我々が現在できることとして、ロボット義足が相手に与える最初の印象に気を配っています。また、モノ作りの関心が高い会社の方が反応は良いので、優先して訪問しています。なお、中国の方が新しい製品の取り込みに積極的です。このため、先に中国市場でユーザーテストを繰り返して製品を完成させ、その後日本で販売する可能性も含めて検討しています。

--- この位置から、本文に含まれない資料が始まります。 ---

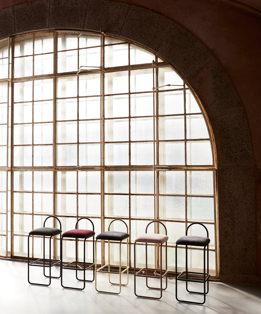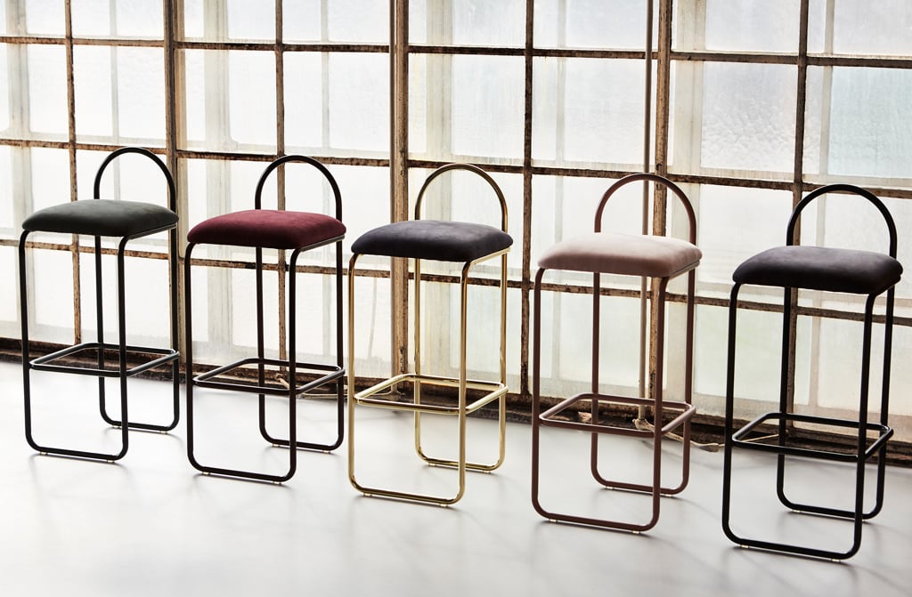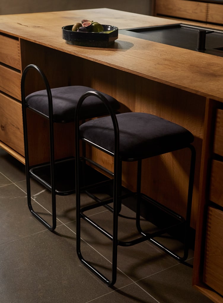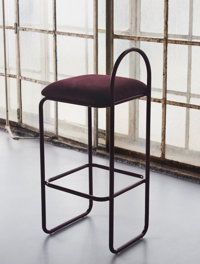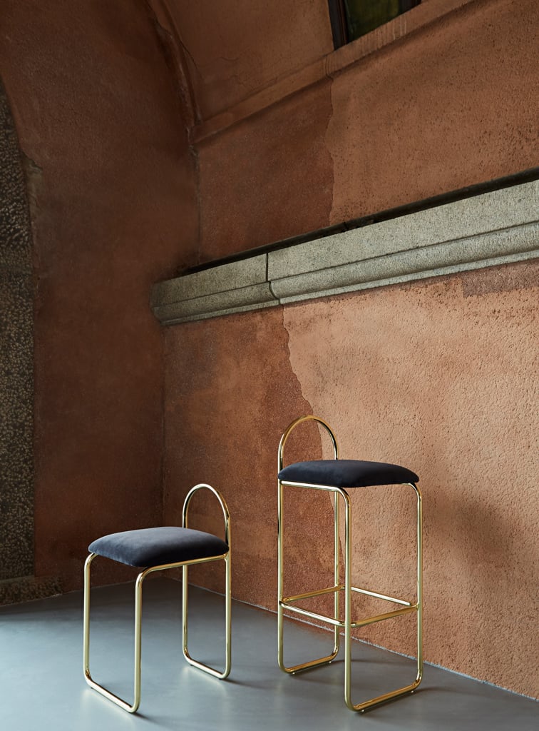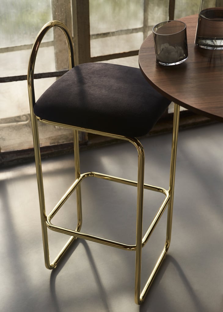 Das elegant geschwungene Eisengestell des Angui Barhockers sorgt für Stabilität und wird von einem weich gepolsterten Bezug aus feinem Samt ergänzt, das mit seinem warmen Schimmer zum Sitzen und Verweilen einlädt. Skulptural, schlicht und dennoch luxuriös, fügt sich der Angui Barhocker von AYTM mühelos in jedes Ambiente ein und schenkt jedem Interieur eine ganz besonders edle Note.

―社会課題解決に向けた今後の期待・抱負を教えてください。

孫:製品を世に出す中で、スタートアップに対する「見えない壁」が存在していると感じます。日本でも海外のように、問題が起きたら対応をする、新しいやり方にポジティブにチャレンジする文化があると良いですよね。当社は「義足のテスラ」と呼ばれることを目指しており、我々の作るロボット義足が電気自動車のように新しい市場を作り、義足ユーザーの課題解決に貢献していきたいと考えています。

MRI’s EYE
モノづくり大国として発展してきた日本は製品へ完璧さを求める傾向があります。それが新しい価値の創出には保守的に働く面があるとの孫氏の指摘は、新たなイノベーションを起こそうとする人たちが超えるべき壁でもあり、新技術を受容する側の社会としてもあり方を考えるべき課題でしょう。

本稿は、INCF会員として、社会課題解決のために共に活動するベンチャー企業を紹介するシリーズ記事です。